### Input for this task ###

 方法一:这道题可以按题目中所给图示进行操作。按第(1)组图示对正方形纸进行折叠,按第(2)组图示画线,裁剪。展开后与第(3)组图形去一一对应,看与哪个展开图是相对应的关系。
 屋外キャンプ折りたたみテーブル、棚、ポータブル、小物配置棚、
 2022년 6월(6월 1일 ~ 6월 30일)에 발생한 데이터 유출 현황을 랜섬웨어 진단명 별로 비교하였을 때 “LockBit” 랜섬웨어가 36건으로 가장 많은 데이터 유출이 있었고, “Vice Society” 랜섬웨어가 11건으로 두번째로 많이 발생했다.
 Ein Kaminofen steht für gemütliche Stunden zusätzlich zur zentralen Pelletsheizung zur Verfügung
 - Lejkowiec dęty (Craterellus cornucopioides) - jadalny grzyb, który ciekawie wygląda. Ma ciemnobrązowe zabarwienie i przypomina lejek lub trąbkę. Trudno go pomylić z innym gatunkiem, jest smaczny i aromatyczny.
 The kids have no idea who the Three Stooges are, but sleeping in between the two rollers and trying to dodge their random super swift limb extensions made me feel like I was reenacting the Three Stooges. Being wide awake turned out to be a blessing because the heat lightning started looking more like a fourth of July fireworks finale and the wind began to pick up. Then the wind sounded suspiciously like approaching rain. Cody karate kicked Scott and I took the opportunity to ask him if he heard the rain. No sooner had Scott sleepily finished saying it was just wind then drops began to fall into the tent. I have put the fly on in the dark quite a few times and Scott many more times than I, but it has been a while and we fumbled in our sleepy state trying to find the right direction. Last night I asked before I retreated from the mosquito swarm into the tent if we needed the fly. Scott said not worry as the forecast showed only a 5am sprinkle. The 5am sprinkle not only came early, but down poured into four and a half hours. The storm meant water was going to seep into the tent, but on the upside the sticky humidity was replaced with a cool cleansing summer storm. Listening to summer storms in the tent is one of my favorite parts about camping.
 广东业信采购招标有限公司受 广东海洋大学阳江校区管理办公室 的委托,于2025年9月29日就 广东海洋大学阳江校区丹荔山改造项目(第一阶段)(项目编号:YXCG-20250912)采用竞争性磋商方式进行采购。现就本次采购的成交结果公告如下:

###

In the entries above, the lines from the one bearing "Ein Kaminofen steht" up to and including the one bearing "- Lejkowiec dęty" should be transcribed exactly; no other line is wanted.

## Task solution
 Ein Kaminofen steht für gemütliche Stunden zusätzlich zur zentralen Pelletsheizung zur Verfügung
 - Lejkowiec dęty (Craterellus cornucopioides) - jadalny grzyb, który ciekawie wygląda. Ma ciemnobrązowe zabarwienie i przypomina lejek lub trąbkę. Trudno go pomylić z innym gatunkiem, jest smaczny i aromatyczny.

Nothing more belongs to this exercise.